--- Input data ---
══════════

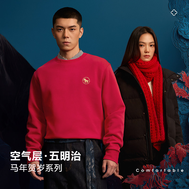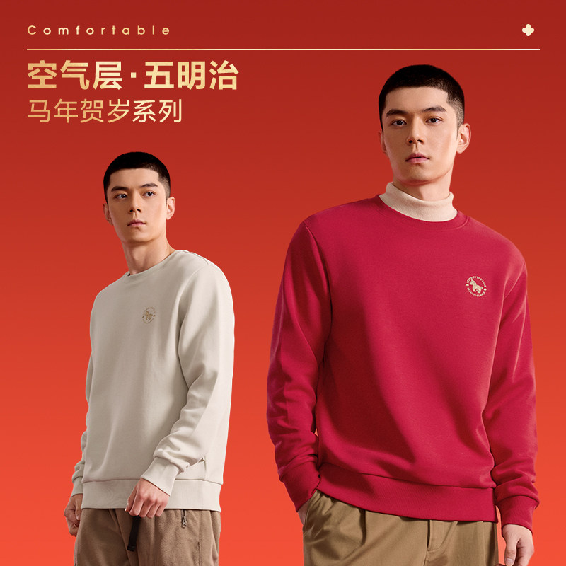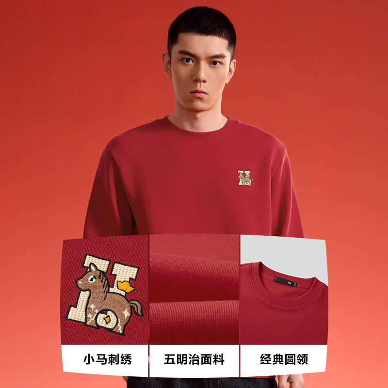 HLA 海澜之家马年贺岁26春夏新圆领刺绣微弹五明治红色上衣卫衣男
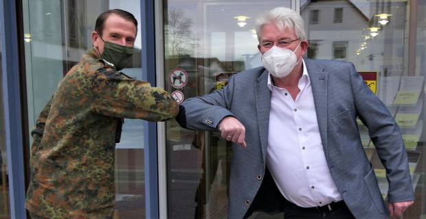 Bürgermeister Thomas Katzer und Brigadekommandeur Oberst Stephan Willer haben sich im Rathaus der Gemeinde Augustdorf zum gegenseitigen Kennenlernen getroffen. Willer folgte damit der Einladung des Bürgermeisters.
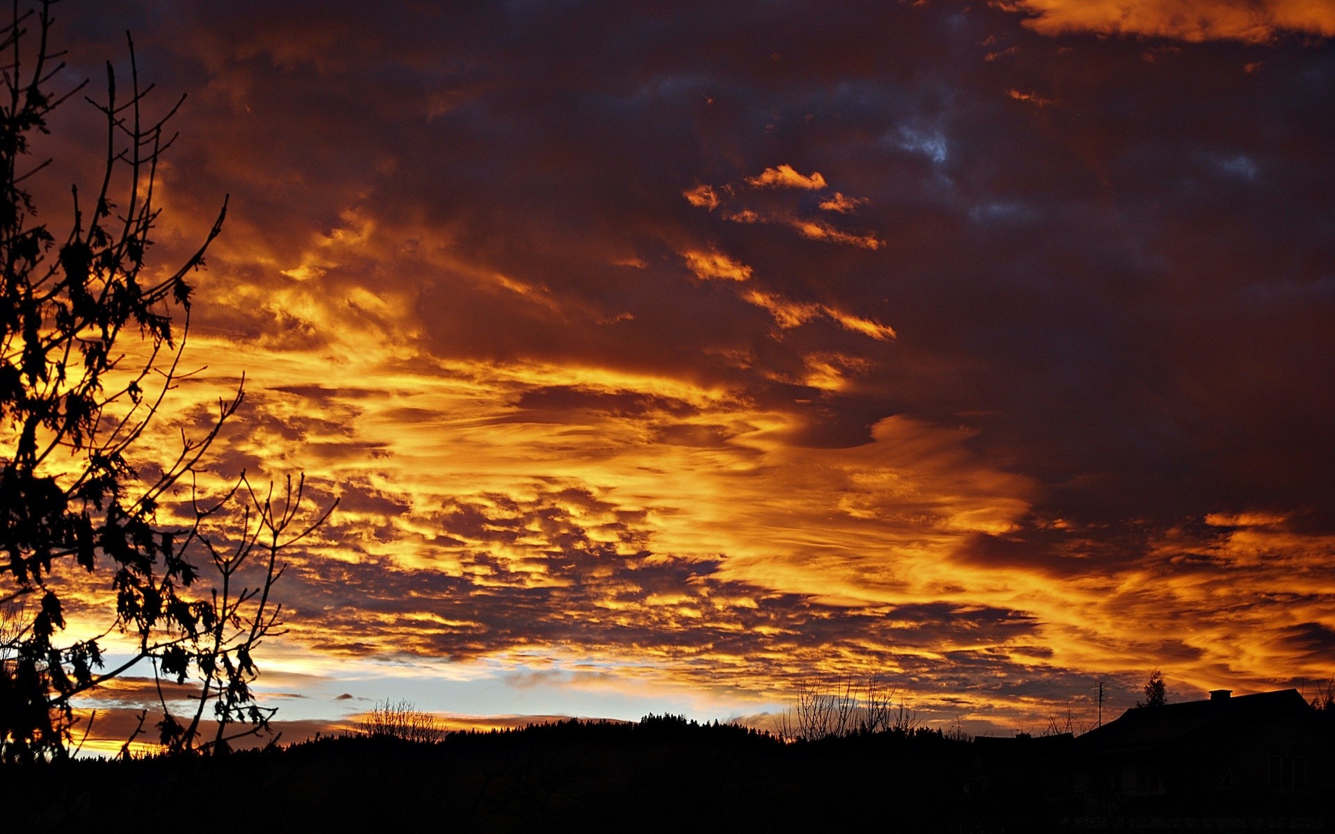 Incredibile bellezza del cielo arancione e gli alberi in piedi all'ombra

══════════

--- Instructions for the task ---
Print exactly the span of lines that begins with the line containing "Bürgermeister Thomas Katzer" and ends with the last line of the listing, with no pictures.

--- Completed task ---
 Bürgermeister Thomas Katzer und Brigadekommandeur Oberst Stephan Willer haben sich im Rathaus der Gemeinde Augustdorf zum gegenseitigen Kennenlernen getroffen. Willer folgte damit der Einladung des Bürgermeisters.
 Incredibile bellezza del cielo arancione e gli alberi in piedi all'ombra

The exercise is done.